MY CURIOUS YEARS WITH CHARLES HENRI FORD
The Autobiography of Indra B. Tamang
by Indra B. Tamang & Romy Ashby
Turtle Point Press. 264 pages, $24.
INDRA B. TAMANG’S autobiography proves that the Cinderella fable is alive and well and thriving in the exurbs of Kathmandu, Nepal. That’s where Tamang was born, in a hut with no electricity and no running water. By his teenage years, his ambition and curiosity had led him to the capital to become a waiter far from home in a hotel restaurant. There he waited for months on a silver-haired, soft-spoken American gentleman who eventually asked if he’d like to become a houseman or general factotum in his newly acquired house, an unused wing of a prince’s palace.
For most young Nepalese men, that would have been the end of the story. But Indra’s new employer was an artist, the last of the surrealists, a world traveler, an author, and a bon vivant named Charles Henri Ford. When Ford picked up stakes and went to New York or Paris for months at a time, he brought Indra with him. When he moved into another house in Chania, Crete, he brought Indra, who again took over as houseman and companion—though never as lover. This was in the mid-1970s, and both Paris and Manhattan were enjoying what may have been the last artistic flowering of bohemia. Ford knew or got to know all of the major players, from Andy Warhol to art curator Henry Geldzahler—and so did Indra.
All of this is detailed in Tamang’s very readable autobiography, My Curious Years with Charles Henri Ford, which always rides a fine balance between starry-eyed bedazzlement and controlled nonchalance—not an easy thing to achieve when you’re ensconced at the Dakota with
actress Ruth Ford, John Lennon, and Yoko Ono as neighbors. Tamang not only helped Charles with his work but also made his own art, including photos, posters, and collages. After Ford’s death in 2002 at age 94, Tamang remained friendly with many of the artists he’d met. He smoothly glided over to the same caretaking position for Charles’ sister, Ruth Ford, when she began to fail, living in her even larger apartment downstairs at the Dakota. Eventually, he inherited both places, which were worth millions of dollars, giving rise to a storm of news stories both pro and con.

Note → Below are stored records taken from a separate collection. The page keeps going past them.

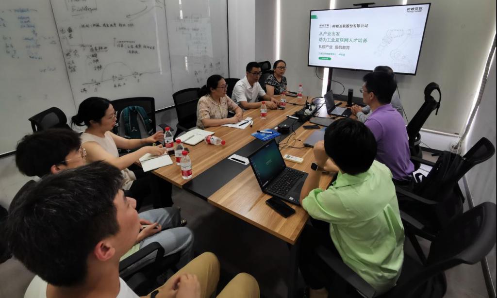 深化产教融合,助推区块链技术应用专业发展与内涵提升,6月27日湖南信息职院软件学院彭顺生院长带队一行7人走进树根互联股份有限公司(以下简称“树根互联”),共谋区块链技术人才培养。
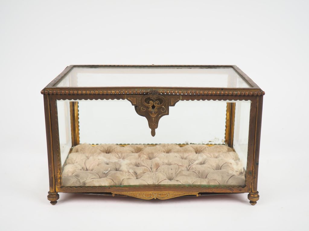 Grand coffret à bijoux XIXème en verre, laiton, à décor d'une frise de perles, intérieur en soie capitonnée. Dim. 18,5 x 13,5 x 20,5 cm. (Une charnière manquante, soie usée).
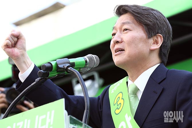 국민의당 안철수 대선후보가 26일 오후 강원도 원주시 문화의 거리에서 열린 집중유세에서 지지를 호소하고 있다.

When Tamang writes of his village past in Nepal, you can almost smell and taste this world. He never lost that past and in later years returned often to Nepal. He is less descriptive and tactile about other places. True, the ancient house in Chania, Crete, gets a nod, but the Parisian flat and the wonderful double apartment at the top of the Dakota, originally servants’ quarters, are all but ignored.
People in the book fare similarly. While the author might suddenly stop the narrative flow and go into detail about this odd neighbor or that strange visitor—all very minor characters—we never get anything like a full portrait of those he was closest to: Charles Henri and Ruth Ford. She was a model and later a minor actress in theater and film. But Charles was a one-of-a-kind human being, a strong-willed person who created himself out of almost nothing, with an odd and “artistic” mother, Southern upbringing, and a more-or-less absent father.
By the time this writer came to know Ford in the late 1980s, he possessed a persona as smoothly polished as a porcelain statue. If there was a point of entry to his character, it wasn’t obvious. He had a mot for virtually every situation that might arise. What was he like beneath that exterior, this lover of poet Djuna Barnes (who never had another lover after that) and of the surrealist painter Pavel Tchelitchew? Tamang was with Ford for thirty years and presumably in a position to tell us, but he does not.
Ford and Tamang seem to have met pretty much everyone in the art world for several decades and in multiple cities, such that a list of names and brief descriptions is needed, and one is provided, as a sort of appendix. Tamang emerges as a nice guy who was spirited away and allowed himself to be spirited away, again and again. But he seems unable or unwilling to discuss what that actually means. For some readers, it might mean something quite dark: he was colonized so utterly that he never thought to question or complain. For other, more lighthearted readers, it could mean: why bother to analyze your luck when it has been so fabulous?
Felice Picano, who passed away shortly after turning in his final review to this magazine, was the author of many novels and memoirs.